The Labour opposition are picking up on this democratic deficit – or rather, they are trying to exploit it. Labour politicians have been trying to relay, and in some cases even stoke up, local anger. A lot of this is legitimate democratic politics. But it has been taken to absurd levels. A low point was reached last week when objections were raised by some victim groups to the judge appointed to head the enquiry. Now I have no idea whether this was a sensible appointment, but the objections raised initially by victims’ groups were hard to take seriously at face value. They wanted somebody who had experienced the deprivations of social housing and tower-block living, and who would share their anger. In other words they did not want an impartial inquiry, and the wider benefits that would flow from it. Two Labour spokespeople who were interviewed on the radio, including the newly-elected local MP, simply endorsed this view at face value. One, a front bench spokesperson (I forget who – alas that is rather the state of Labour’s front bench), then went on to deliver a tirade about private sector profiteering. Now of the many failings exposed by the disaster, profiteering is not among them. The failings mainly arose from public sector stinginess – the normal Labour bugbear of “austerity” would have been closer to the mark, though still not quite on point. This bespeaks politicians who are not really interested in the lessons arising from the crisis, but simply want to exploit it for short-term gain.

But surely there is a major political failure that neither the government nor the opposition want to do much about. The victims for now have their moment in the spotlight, and an unaccustomed moment of actual political power. But they know it is transitory. The failures of public administration that led to the tragedy grew out of the powerlessness of local communities, and of social housing tenants in particular. That is characteristic of the British way of politics. The local council, Kensington and Chelsea, is politically uncompetitive, with a large Conservative majority.
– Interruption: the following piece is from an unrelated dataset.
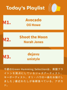今朝のGreen Humming Selectionは、英国ブライトンを拠点にしているジャズアーティスト、キーボーディスト、オリ・ハウの一曲をお届けしました♪最近わたしが毎朝食べている、アボカド。
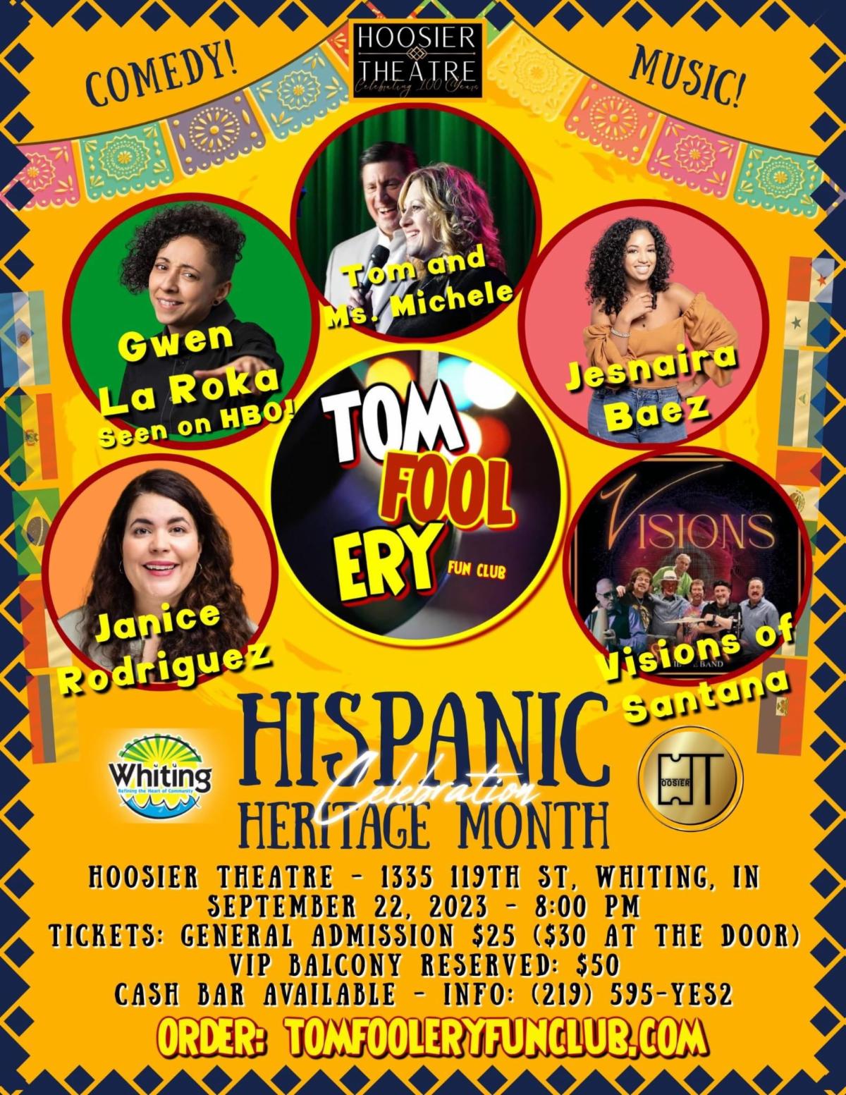 Tomfoolery joins in the celebration of Hispanic Heritage Month with a very special event! We return to the iconic Hoosier Theatre in Whiting, IN with a stellar lineup of comedic and musical talent on September 22, 2023!

Political power is concentrated in a clique of the ruling party. Most council wards, where councillors are elected, are safe for one party or another, so little dialogue takes place between the electors and their councillors. Any such dialogue arises from a sense of duty from councillors (who are only paid meagre allowances, except for the most senior), not political necessity. And councils themselves are highly constrained by central government in their powers – especially over funding, which has been severely cut since the financial crisis of 2009.

Politicians of all parties talk about more devolution of power from the centre, but mostly they don’t mean it. They want to devolve blame and not real power. That TMO is the model. So they will insist that the problems are down to inadequate rules, incompetence of some intermediate level of administration, or poor funding decisions at the centre, or some combination. Giving voice to the voiceless does not seem to be on the agenda.